# [Data extracts]
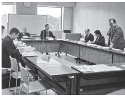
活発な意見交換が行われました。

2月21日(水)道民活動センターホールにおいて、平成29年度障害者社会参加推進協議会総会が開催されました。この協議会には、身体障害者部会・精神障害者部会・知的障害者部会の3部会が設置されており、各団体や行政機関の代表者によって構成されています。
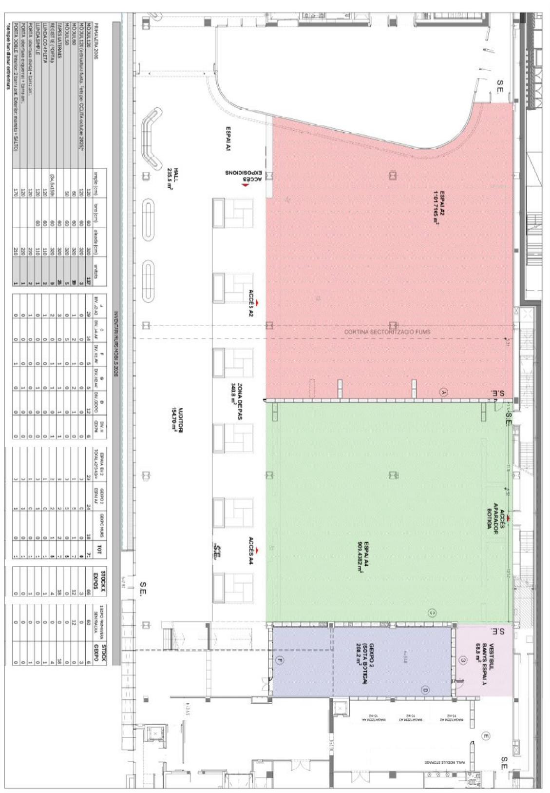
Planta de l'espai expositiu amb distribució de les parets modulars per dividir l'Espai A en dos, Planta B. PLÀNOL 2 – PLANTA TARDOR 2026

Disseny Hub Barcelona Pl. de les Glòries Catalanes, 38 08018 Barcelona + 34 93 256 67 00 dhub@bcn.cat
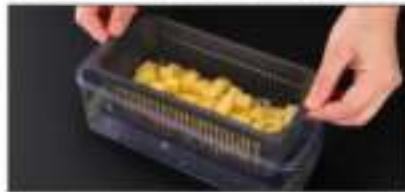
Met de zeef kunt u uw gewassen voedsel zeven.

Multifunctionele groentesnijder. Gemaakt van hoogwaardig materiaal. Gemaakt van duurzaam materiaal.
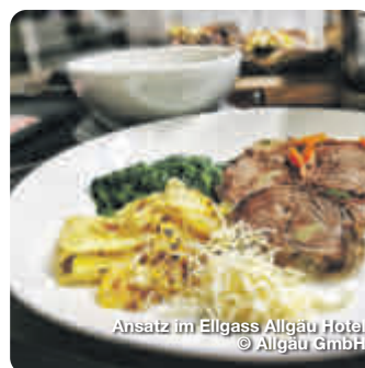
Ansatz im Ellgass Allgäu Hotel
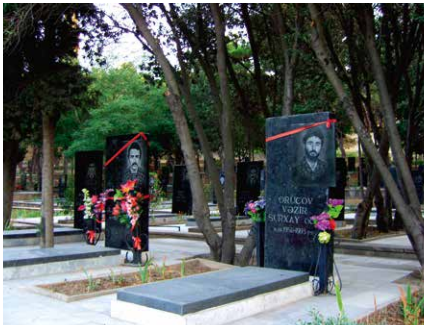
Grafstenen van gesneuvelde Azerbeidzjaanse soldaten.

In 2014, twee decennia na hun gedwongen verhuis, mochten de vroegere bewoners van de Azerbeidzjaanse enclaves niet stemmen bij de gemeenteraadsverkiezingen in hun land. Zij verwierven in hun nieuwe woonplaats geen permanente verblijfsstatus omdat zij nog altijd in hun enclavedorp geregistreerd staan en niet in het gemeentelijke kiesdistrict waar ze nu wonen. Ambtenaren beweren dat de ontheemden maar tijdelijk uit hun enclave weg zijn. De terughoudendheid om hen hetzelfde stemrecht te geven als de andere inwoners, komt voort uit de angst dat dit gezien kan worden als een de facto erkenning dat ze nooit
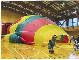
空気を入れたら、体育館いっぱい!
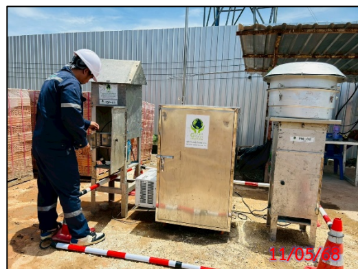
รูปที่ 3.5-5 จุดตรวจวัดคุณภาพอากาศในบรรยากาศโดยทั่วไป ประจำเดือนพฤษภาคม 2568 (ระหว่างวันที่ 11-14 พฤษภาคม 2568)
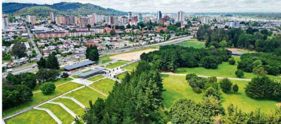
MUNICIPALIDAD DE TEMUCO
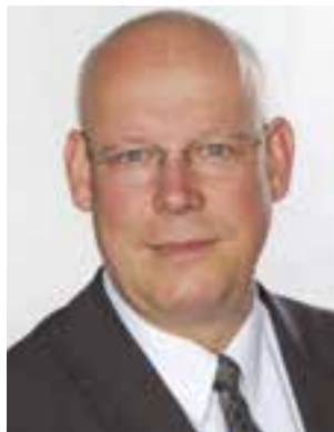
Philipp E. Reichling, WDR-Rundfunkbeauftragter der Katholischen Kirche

# [What is expected]
From the lines above, copy those that contain the word "Azerbeidzjaanse".

# [Answer to this exercise]
Grafstenen van gesneuvelde Azerbeidzjaanse soldaten.
In 2014, twee decennia na hun gedwongen verhuis, mochten de vroegere bewoners van de Azerbeidzjaanse enclaves niet stemmen bij de gemeenteraadsverkiezingen in hun land. Zij verwierven in hun nieuwe woonplaats geen permanente verblijfsstatus omdat zij nog altijd in hun enclavedorp geregistreerd staan en niet in het gemeentelijke kiesdistrict waar ze nu wonen. Ambtenaren beweren dat de ontheemden maar tijdelijk uit hun enclave weg zijn. De terughoudendheid om hen hetzelfde stemrecht te geven als de andere inwoners, komt voort uit de angst dat dit gezien kan worden als een de facto erkenning dat ze nooit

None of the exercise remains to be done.